На чем же основана передача этой таинственной способности творчески повторить — повторить, в том числе, и то, чему еще не было примера? Ведь если «сочинением» здесь можно назвать точный уместный повтор готовой формы, то — в стихии традиции — беспрецедентная новая, точно найденная форма переживается как повтор: все верное было всегда. Возможность такой передачи обеспечивается единственным человеком — вернее, двумя единственными людьми и их встречей. Быть может, это звучит не менее странно, чем предыдущий пассаж о «повторении нового». Из культурно-типологических исследований всем известно, что, чем более традиционна или канонична культура, тем больше она противопоставлена всему индивидуальному, и личность как будто здесь не много значит: чем решительнее она упразднится, сведет себя на нет перед общеобязательным каноном, тем ее поведение правильнее. Вероятно, так и есть. Но: без личности некому будет и сводить себя на нет! Это отметил в своей апологии «имперсонального искусства» Т. С. Элиот: «Только тот, кто обладает личностью, знает, что такое отказаться от нее». И знает — дополним — что традиция ему обещает: «Нам всем являлась традиция и обещала лицо», Б.Пастернак. Лицо, которое обширнее «индивидуальности». То, что мы называем традицией, раньше отдельного человека — и в ней он себя оставит на земле. В ней есть идея относительного преодоления смертности, личной смерти: «Нет, весь я не умру». И также — продолжение жизни в другую сторону: «не вчера я родился», «друзья мне мертвецы». К разным определениям человека, Homo sapiens, можно добавить и такое: Homo heres, «человек наследующий», «человек, передающий наследство».

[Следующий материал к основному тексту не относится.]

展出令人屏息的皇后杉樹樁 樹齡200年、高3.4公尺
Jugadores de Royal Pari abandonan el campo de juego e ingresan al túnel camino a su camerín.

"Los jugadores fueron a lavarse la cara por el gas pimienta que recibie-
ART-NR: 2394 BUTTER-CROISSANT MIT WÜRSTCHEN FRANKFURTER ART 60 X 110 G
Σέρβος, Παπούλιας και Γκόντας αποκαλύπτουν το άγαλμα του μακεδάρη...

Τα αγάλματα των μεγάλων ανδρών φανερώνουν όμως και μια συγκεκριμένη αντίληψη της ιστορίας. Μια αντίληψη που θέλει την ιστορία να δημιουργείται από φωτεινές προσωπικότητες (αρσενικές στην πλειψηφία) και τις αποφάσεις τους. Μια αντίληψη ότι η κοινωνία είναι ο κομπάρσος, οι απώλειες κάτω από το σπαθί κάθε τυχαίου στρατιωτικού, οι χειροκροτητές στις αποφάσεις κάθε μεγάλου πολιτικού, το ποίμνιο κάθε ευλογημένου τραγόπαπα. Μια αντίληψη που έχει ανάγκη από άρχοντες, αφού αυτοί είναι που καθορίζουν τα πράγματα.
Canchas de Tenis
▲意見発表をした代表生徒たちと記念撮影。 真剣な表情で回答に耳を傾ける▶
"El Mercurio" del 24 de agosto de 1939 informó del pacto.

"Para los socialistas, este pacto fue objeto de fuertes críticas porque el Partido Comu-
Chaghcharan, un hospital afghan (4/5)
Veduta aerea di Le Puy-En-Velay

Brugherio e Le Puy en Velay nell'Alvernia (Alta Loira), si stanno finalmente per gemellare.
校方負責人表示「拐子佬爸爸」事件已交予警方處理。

Имея в виду то, что говорилось об энергийной (или гениальной) сути традиции, вне которой она бессмысленна или пародийна, понятно, что такая вещь может быть передана только от человека к человеку. Она не может быть письмом в пространство или письмом из пространства.
Ни список образцов, ни трактат, ни учебник, ни даже священная книга без живого толкования не сообщат образа человеческого бытия, к которому в последнем счете и сводится традиция. Из этого образа наследник извлекает все «готовые» и «похожие на готовые» образцы поведения, высказывания и т. п. Этот образ человеческого бытия, традицию, передает учитель. Так и перенимается «то, чему не учат» — вместе с образом того, кто так живет. Слова, навсегда интонируемые чьим-то живым голосом. Не стоит уточнять, что контакт этот непременно личный и обратимый («учитель» в лице любимого автора или героя не обладает обратной связью: он не может, так сказать, принять экзамен и поручиться за точность воспринятого от него опыта). Не стоит говорить и о необходимой абсолютной доверительности с обеих сторон, без которой нить традиции рвется.

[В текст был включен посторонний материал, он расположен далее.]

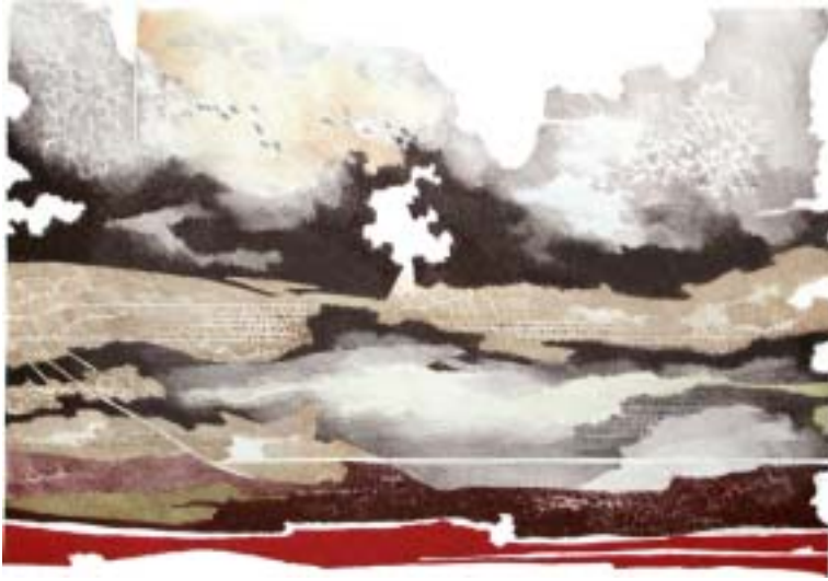
Memória (litografia), 53 x 73 cm
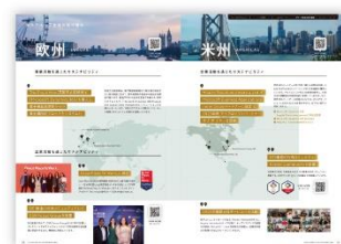
海外グループ会社の 取り組み
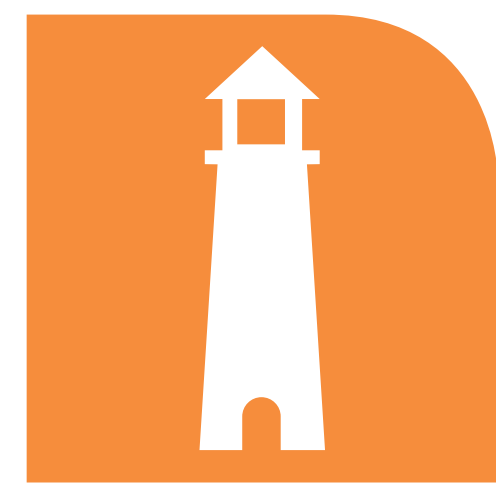
CERRO DEL CRESTON

Традиция, как говорит само ее название (tra-ditio лат. — пре-дание, пере-дача: в тревожной близости с этими словами находится пре-дательство), в первую очередь заключена не в консервации какой-то устойчивости (что больше всего и связывают с «традиционным»), а в моменте передачи. Это таинственный и драматичный момент. Таинственный, поскольку требует полного взаимного доверия участников передачи и почтения к передаваемому предмету. Драматичный, поскольку передавая нечто в другие руки, этим рукам передают свободу поступать с этим предметом по-своему, по-новому, так, как передавший не предполагал. По-настоящему традиционное непременно включает перемену. Так, наследнику дома придется решать, что с ним делать: ремонтировать, перестраивать и т. п. — что с ним делать, чтобы в нем жить.

Из всего вышесказанного следует, что традицию можно «возродить», только если она есть, уже есть, если мы ее трогали руками. Но есть ли она? И откуда бы ей быть на этих руинах?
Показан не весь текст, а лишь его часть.